(Cherbourg, 1915 – Paris, 1980)
Literary critic, essayist, sociologist and philosopher, graduate in classical languages from the Sorbonne University. He was one of the main representatives of the new criticism or structuralist criticism. In 1946 he began to collaborate in Combat, a left-wing newspaper, founded the magazine Théâtre Populaire and directed the Practical School of Higher Studies. He worked as a researcher in lexicology and sociology at the National Center for Scientific Research in Paris.

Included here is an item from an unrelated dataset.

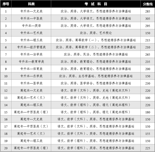 二、2024年云南省成人高校招生最低錄取控制分?jǐn)?shù)線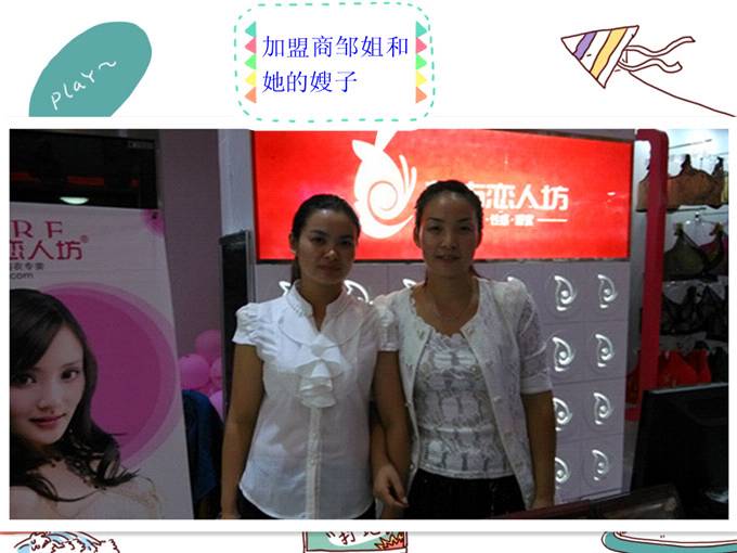 这样主动、热情的加盟商,一定可以渐渐打响都市恋人坊在小溪河的知名度,迎来越来越多的顾客,生意越来越红火的。让我们看看漂亮的老板娘邹姐和她的嫂子与督导的合影吧。

In 1962 he was appointed director of studies at the Practical School of Higher Studies, and was appointed professor of Literary Semiology at the Collège de France in 1976. In the early seventies he proposed, together with Julia Kristeva, Phillipe Sollers, Jacques Derrida and Jacques Lacan, founded a new science, semiology, to study the nature, production and interpretation of social signs through the analysis of texts. He received the title of Chevalier des Palmes Académiques. In addition to literary criticism, he wrote about music, art, cinema and photography. In his first book, The Zero Degree of Writing (1953), he analyzed the historical condition of literary language and delimited the concepts of language, style and writing. In Michelet for himself (1954) he made a critical reconstruction of the figure of the historian Jules Michelet (1798-1874). A compilation of 53 articles initially published in the magazine Les Lettres Nouvelles, between 1954 and 1956, was later transformed into Mythologies (1957), one of his most famous books, in which he systematically considered, in block, "that kind of monster which is the petite bourgeoisie", to understand its ideological abuses. In 1964, the Critical Essays appeared, in which he took into consideration the salient points of the most vivid literary theme in France, fully facing, in a critical confrontation with structuralism, the problem of the meaning of the literary work. In 1977, Fragments of a Loving Discourse was published, an essay-novel in which, through fragments, allusions and quotes, Barthes reflects on the "extreme loneliness" of an impossible speech. His last works are The Camera Lucida (La chambre claire, 1980) and, published posthumously, The Obvious and the Obtuso (L'obvie et l'obtus, 1982).